The Lopez-Aviles Group focus on the study of mitotic exit and the involvement of protein phosphatases in this transition, using the fission yeast Schizosaccharomyces pombe as a model organism.
The fission yeast S. pombe. Photo: J.Berger/M.Langegger/S.Hauf.
Yeast has been extensively used as a eukaryotic model system in research. It is genetically amenable, allowing deletion of genes, creation of conditional alleles, and gene tagging. On the other hand, there is a wide conservation of the core components involved in cell cycle control, and due to the small size of their genome, yeast presents less redundancy than higher eukaryotes.
In particular, the fission yeast S. pombe has been instrumental in our current understanding of mitotic entry. For this reason, we believe that S. pombe will be also a useful tool for the analysis of the mechanisms governing mitotic exit.
Cell cycle transitions
The discovery of the cyclins and cyclin dependent kinases (Cdk) resulted in a completely new way of looking at cell cycle transitions in eukaryotes. Fluctuations in the activity of these complexes were thought to explain how cells transit from one phase of the cell cycle to the next; however, it has become clear that these transitions are more complex.
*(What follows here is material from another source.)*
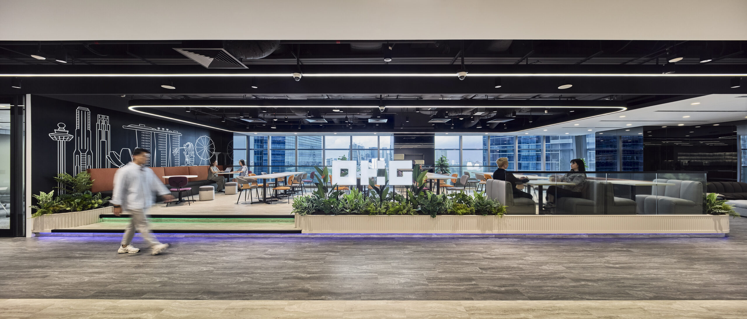 作为主要的社交枢纽,设有抬高的平台、融合绿植景观及定制的天际线壁画。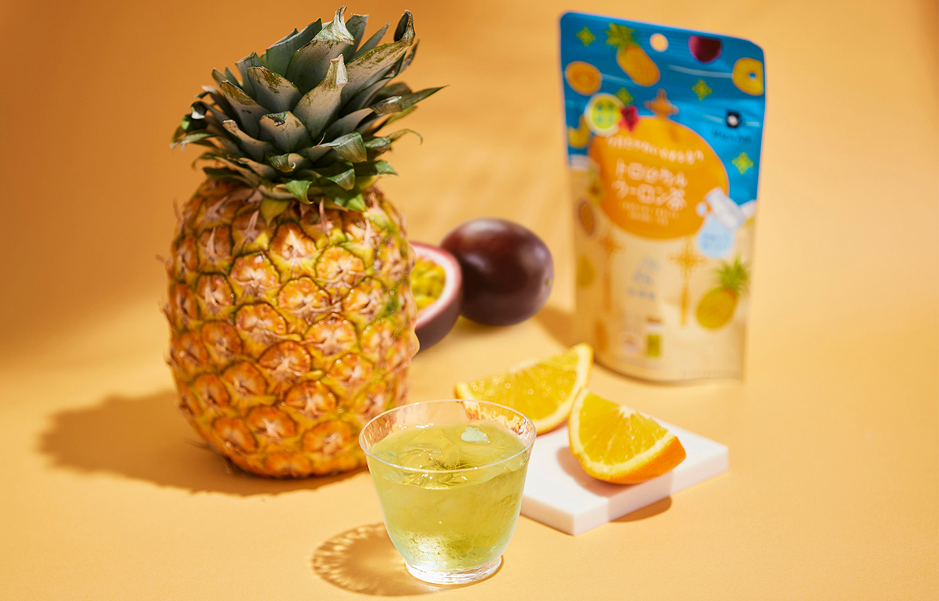 2.お茶の味わいと相性のいいパイン・パッションフルーツ・オレンジのフレーバーをブレンド

For instance, in terms of mitotic entry and exit it was believed that an increase in the activity of the CyclinB-Cdk1 complex was sufficient to trigger mitotic events, and hence, a drop in its activity would lead to exit from mitosis. This simple notion, however, failed to explain how cells achieve the abruptness required to make cell cycle transitions irreversible. In recent years the idea of regulated phosphatases has gained strength; activation of the kinase must occur at the same time as inactivation of the counteracting phosphatase in order to achieve an irreversible shift in the phosphorylation status within the cell and vice versa.
For Saccharomyces cerevisiae mitotic exit, the phosphatase in charge of dephosphorylating Cdk1 targets, Cdc14, has been widely studied. However, the phosphatase regulating mitotic exit in other eukaryotes remains unclear. Although recent studies in mouse and Xenopus point towards PP1 or PP2A, the picture is still incomplete. The use of S. pombe as a model for mitotic exit will shed light into the involvement of these different phosphatases in this cell cycle transition.